In Bautzen blamieren sich Landrat, AfD und CDU. Leiden muss darunter eine Frau, die nichts dafür kann. Und die CDU sät Zweifel, wie fest ihre Brandmauer steht. Was ist da los?
Die Geschichte der Bautzener Ausländerbeauftragten ist seit neuestem eine Geschichte von Verlierern. Besonders hart getroffen hat es die Beauftragte Anna Piętak-Malinowska selbst: Der Bautzener Kreistag hat am Montag ihre Stelle auf Antrag der AfD abgeschafft – mit der Hilfe einiger CDU-Kreisräte. Ohne zu wissen, ob das rechtlich überhaupt möglich ist.
Doch die Liste der Verlierer ist bedeutend länger. Darauf stehen:
- Landrat Udo Witschas (CDU), der der AfD den Weg geebnet hat, ohne selbst zu verstehen, was der Beschluss konkret bedeutet
- Die CDU Sachsen, die sich wenige Tage vor der Landtagswahl fragen lassen muss, wie fest ihre vielbeschworene Brandmauer zur AfD steht
- Der Kreis Bautzen, der ein ausländerfeindliches Signal sendet, während er händeringend ausländische Fachkräfte für seine Wirtschaft sucht
- Die AfD Bautzen mit einem stümperhaften Abschaffungs-Antrag – wobei das im Auge des Betrachters liegt. Die AfD selbst sieht sich wohl als Gewinnerin
Wie konnte es nur so weit kommen?
Montag, 19. August, 17 Uhr. Großer Saal im Landratsamt Bautzen: Der im Juni neu gewählte Kreistag tritt zu seiner ersten Sitzung zusammen. Stärkste Kraft ist die AfD, sie stellt 32 Kreisräte.
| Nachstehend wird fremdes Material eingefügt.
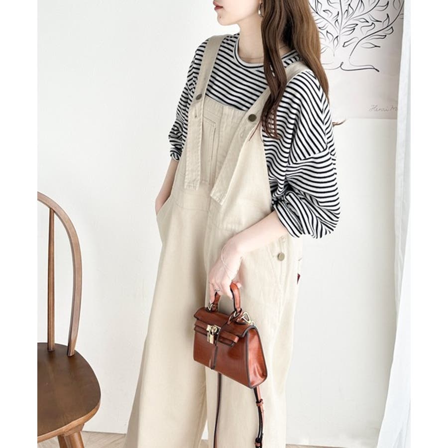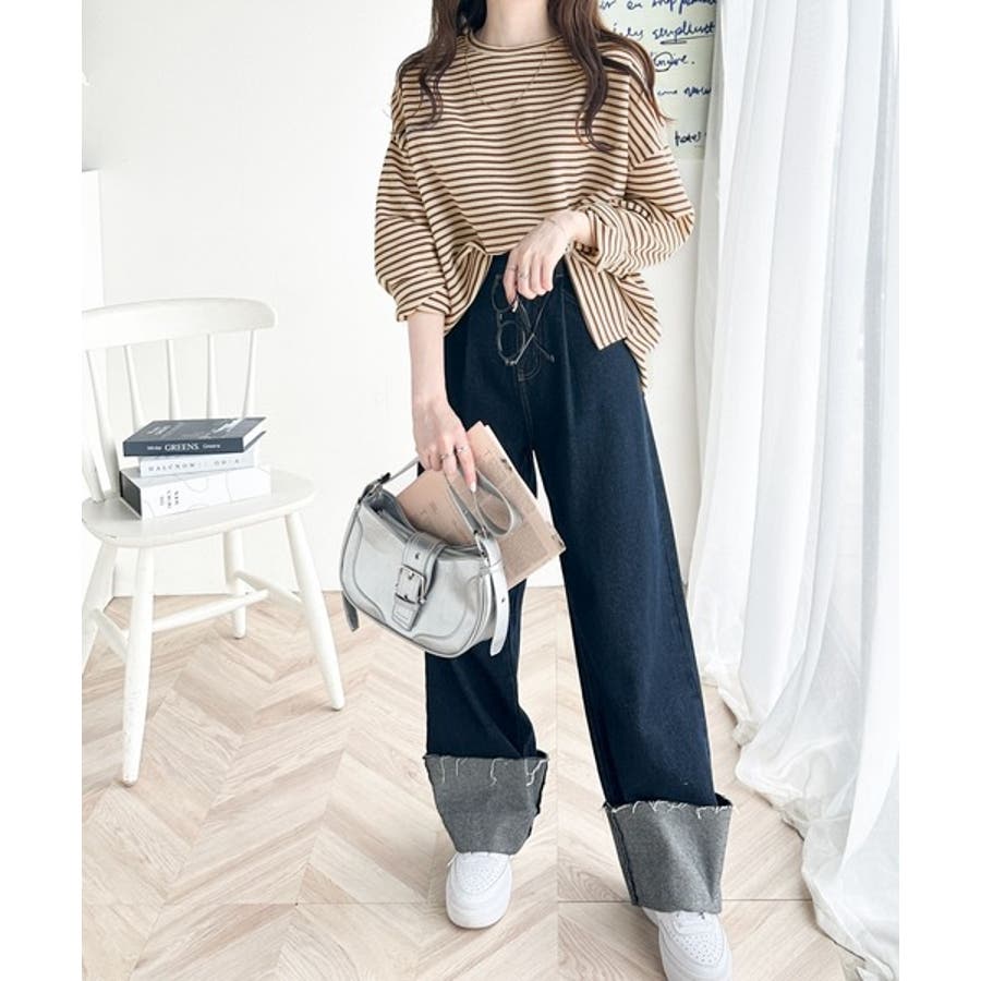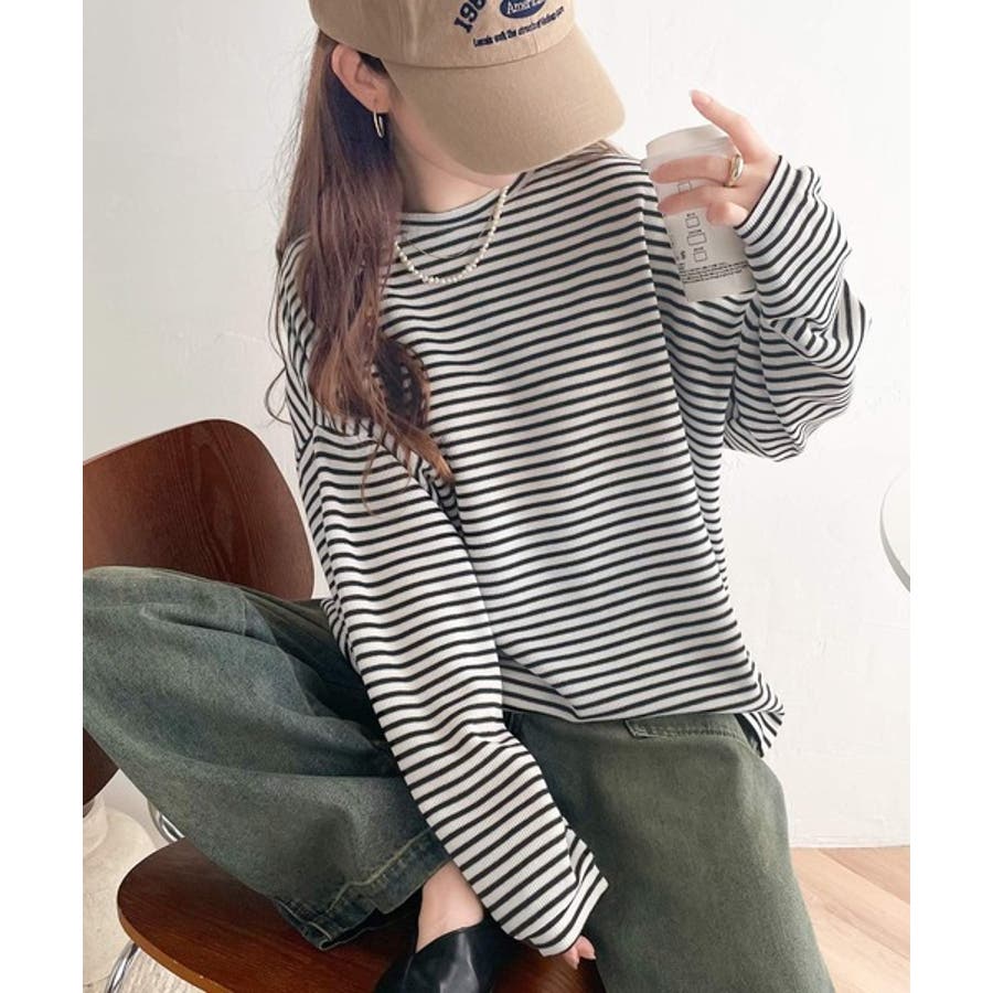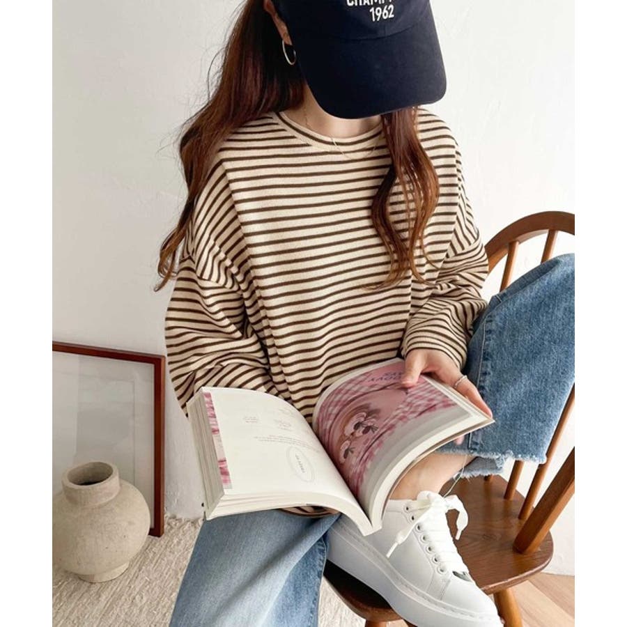 【ベージュ×ブラウン】ボーダーブーム再来。ゆるっとサイドスリット長袖ボーダーロンTee
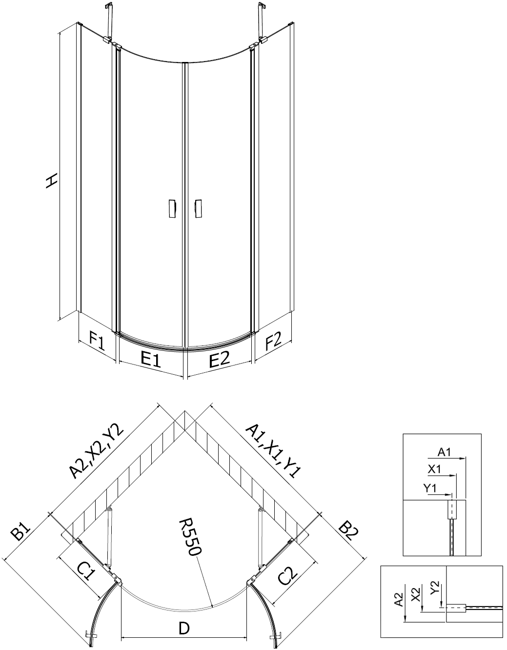 Sprchové kouty, dveře a stěny jsou standardně přizpůsobeny pro montáž na sprchové vaničky určitých rozměrů. Právě tyto rozměry jsou uvedeny v názvu nebo popisu výrobku. Je však třeba mít na paměti, že skutečné rozměry prvků se mohou mírně lišit od nominálních hodnot. V případě plánované instalace přímo na podlahu se doporučuje pečlivě zkontrolovat vnější rozměry a uspořádání prvků podle technického výkresu.
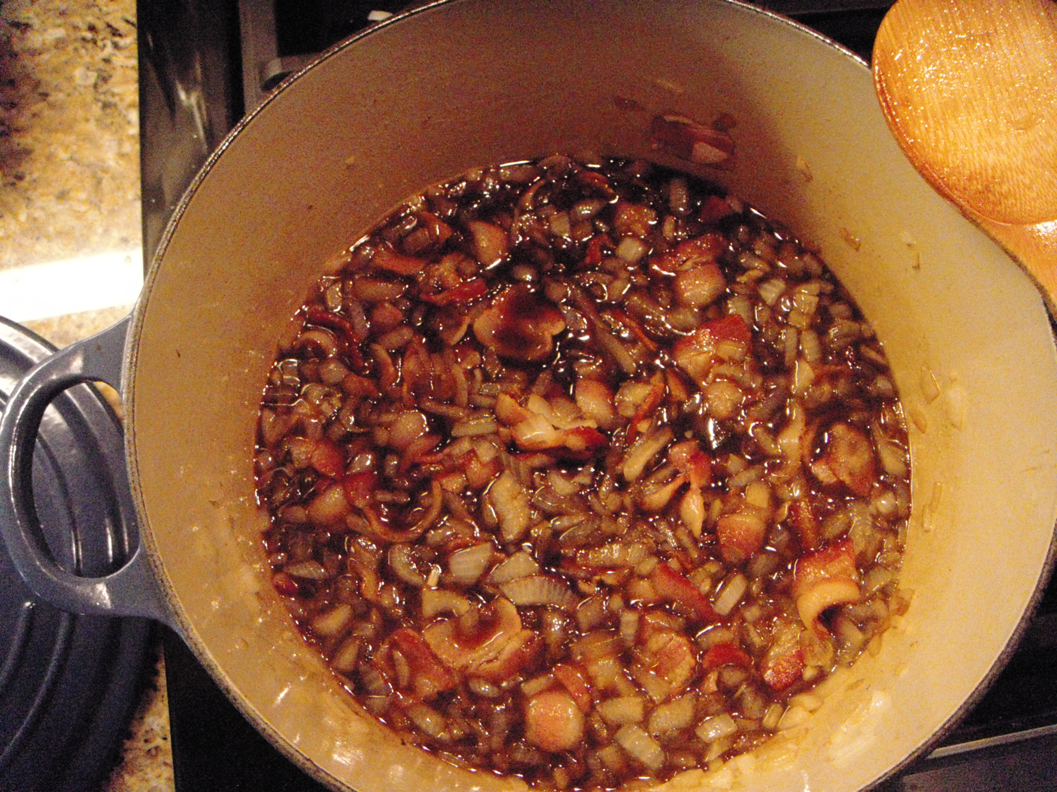 Preheat oven to 350. Sautee the bacon in a Dutch oven or deep oven-proof skillet until soft, but not crisp. Add the diced onions and cook until translucent. Add the sugar, molasses, bourbon, barbecue sauce, stock, tomatoes, clove, mustard, salt and stir until mixed. Bring the mixture to a boil to thicken slightly. Add the beans and bring to a simmer.
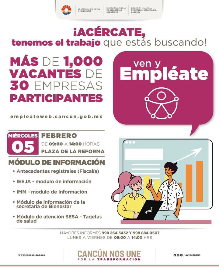CANCÚN, QR.- La Dirección General de Desarrollo Económico del municipio de Benito Juárez llevará a cabo la segunda edición de Ven y Empléate Itinerante este miércoles 5 de febrero del 2025.
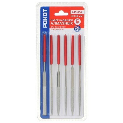 Набор надфилей алмазных рокот 6шт, размер 3x140мм, блистер
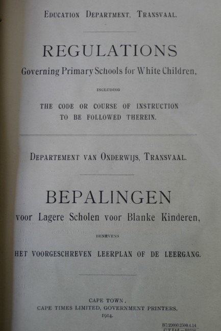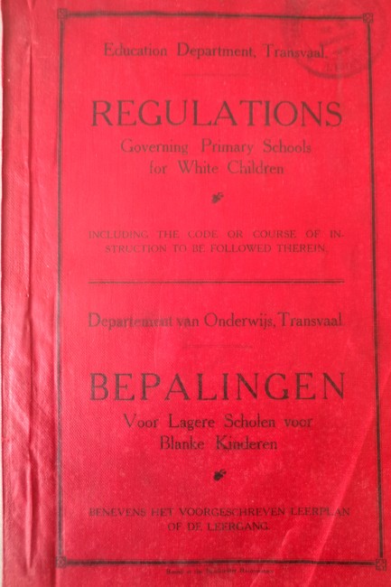 The manual is interesting for the course content of (white) primary schools prescribed exactly one hundred years ago. The requirements seem high compared with some later periods in the country's history. The range of courses (starting with preparatory courses for sub-standards) is also comprehensive. (See image)
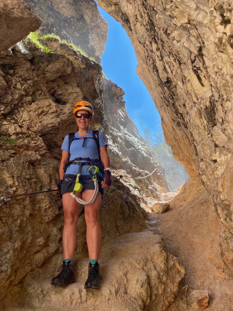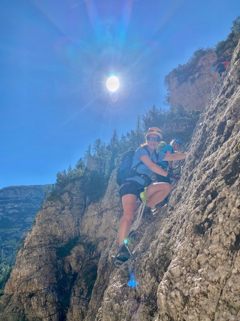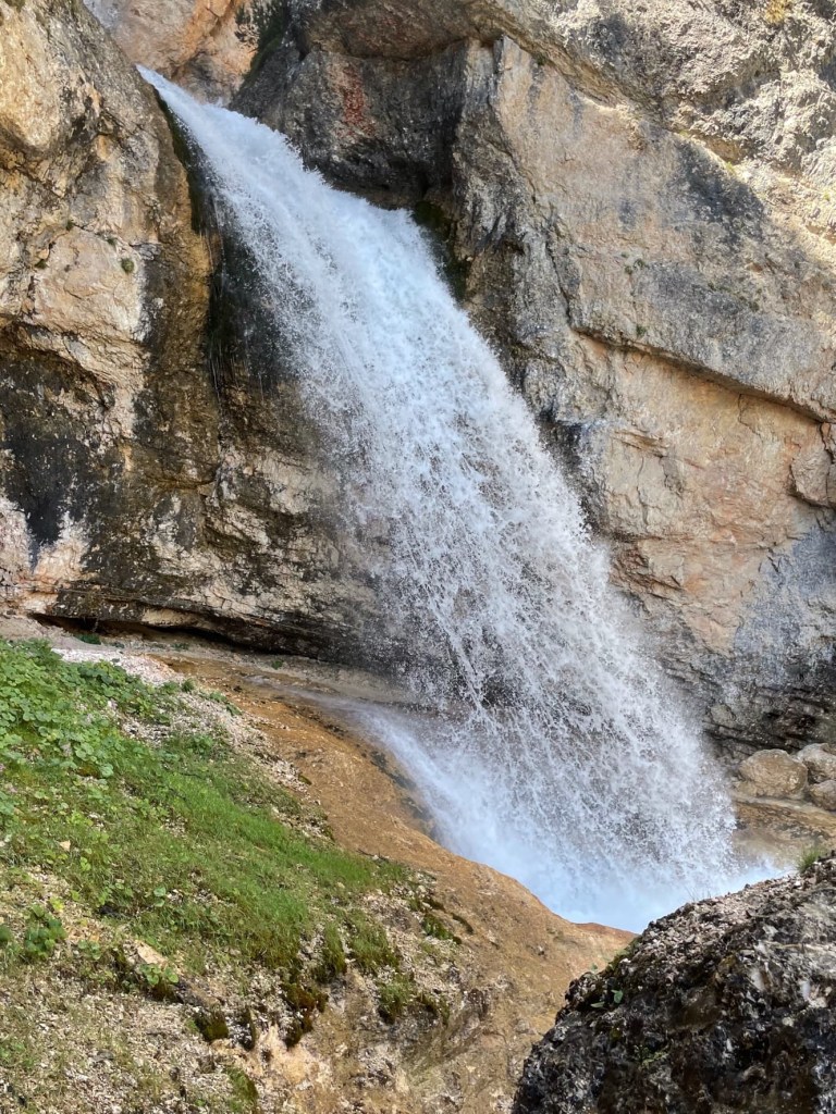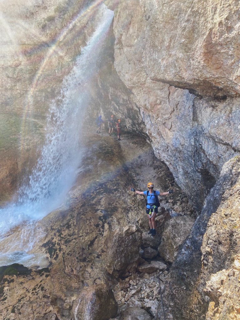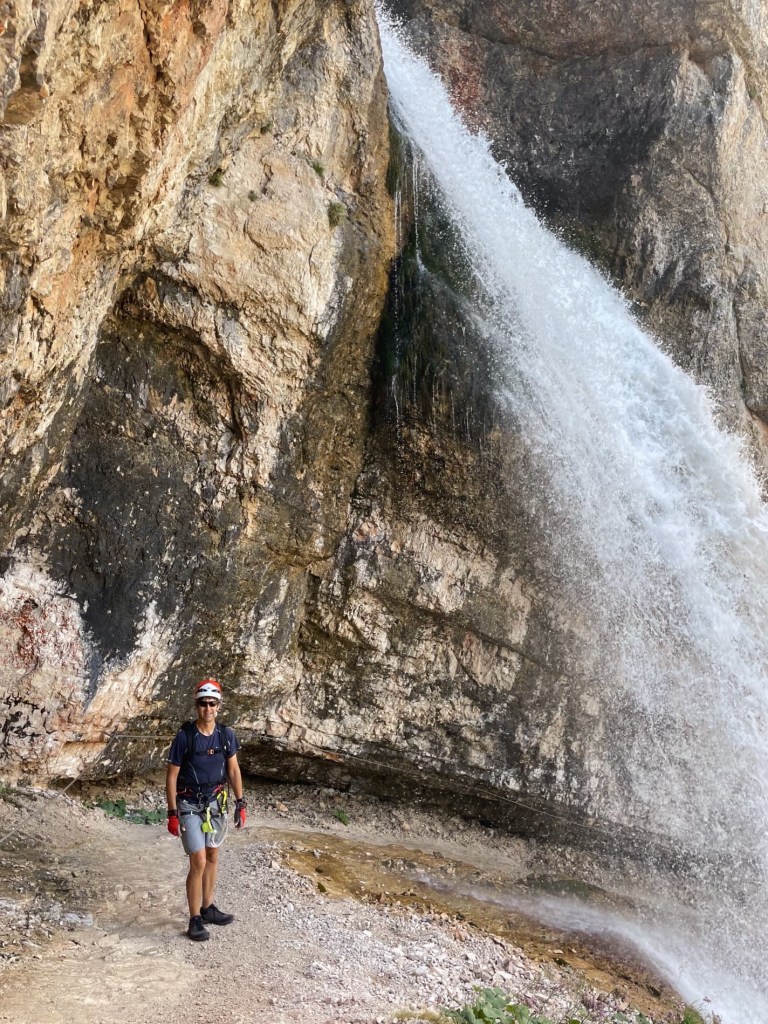 We’ve had a brilliant day doing 3 via ferratas, two of which went behind waterfalls. They were called Giovanni Barbara, Lucio Delaiti and Cengia di Mattia, and they were much less scary than the one we attempted in Austria, with plenty of foot and handholds.
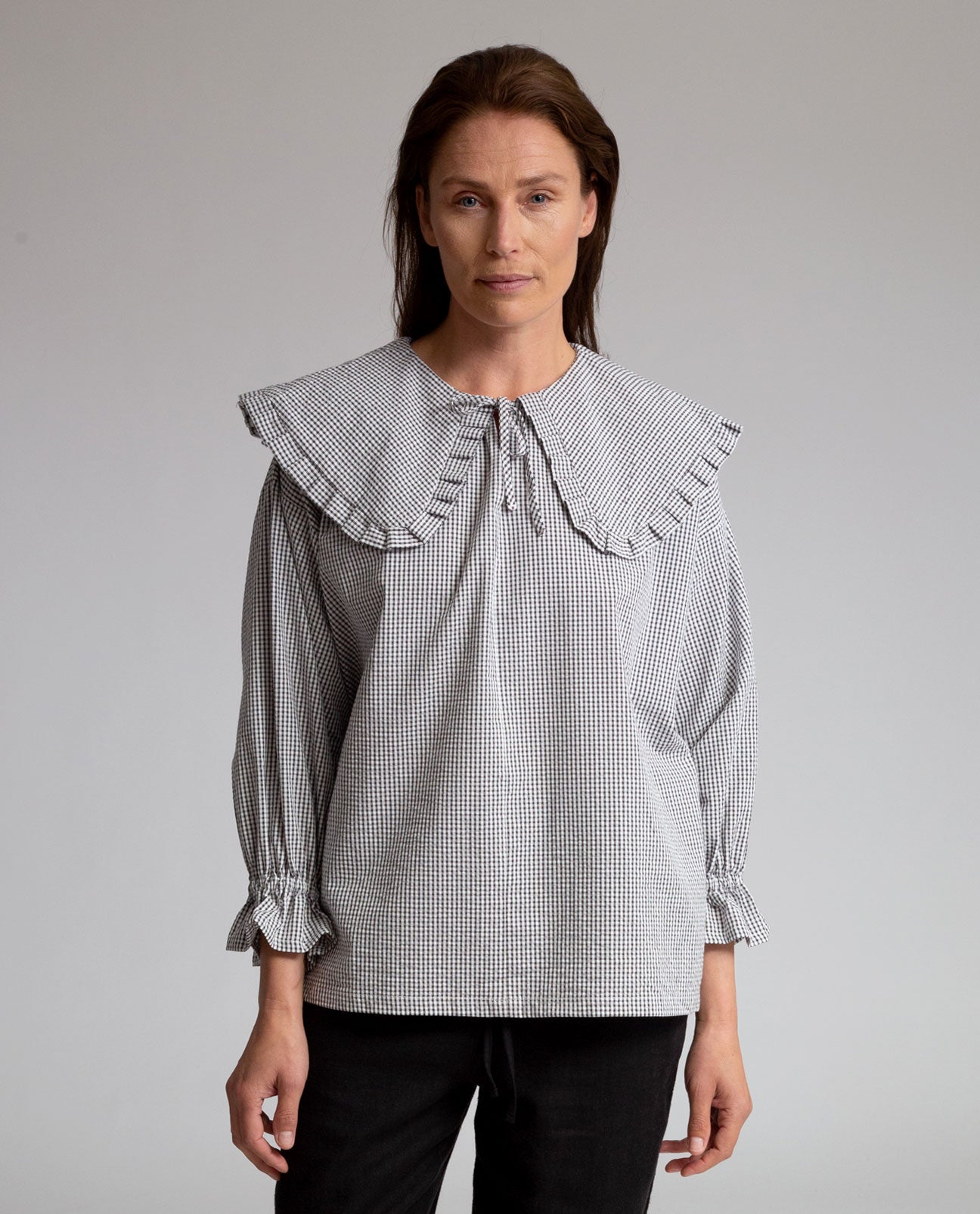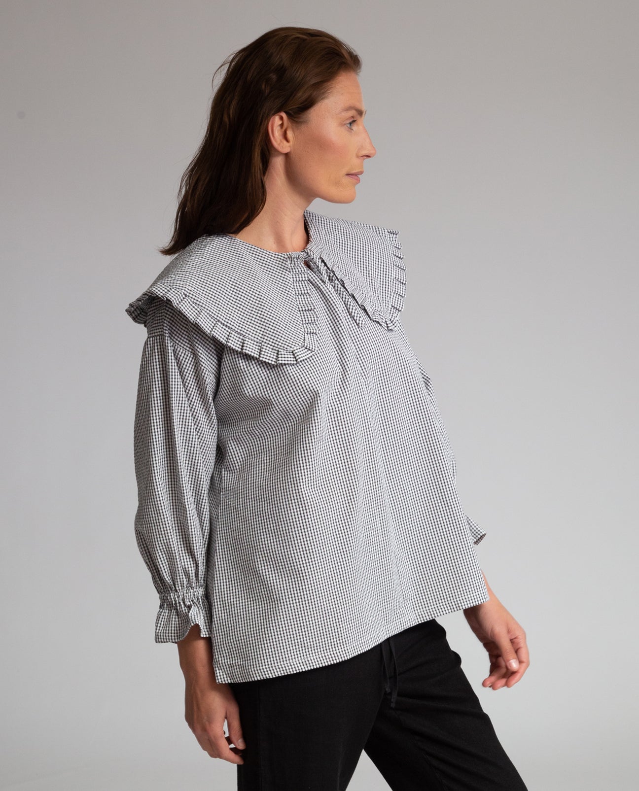 Camilla Organic Cotton Gingham Top in Black
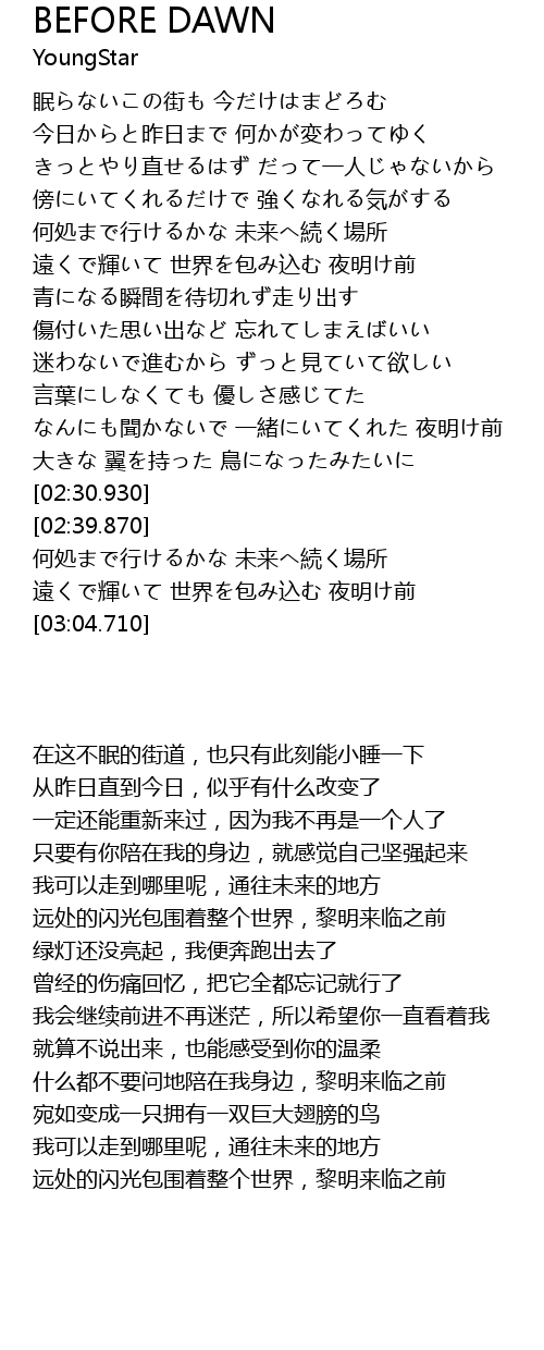 | [02:53.450] | 遠くで輝いて 世界を包み込む 夜明け前 |

Ihr folgt die CDU mit 25 Sitzen.
Bautzen: Die AfD hat ein Ass im Ärmel
Der Kreisräte wollen die Hauptsatzung beschließen, eine Art kommunale Verfassung. Sie regelt die Organisation der Verwaltung und des Kreistages selbst. Der Beschluss ist eigentlich nicht kontrovers, denn die Grundzüge der Satzung wurden im Vorfeld ausgearbeitet. Doch die AfD überrascht am Abend mit einem Antrag, der die Stelle der Ausländerbeauftragten aus der Hauptsatzung streichen will.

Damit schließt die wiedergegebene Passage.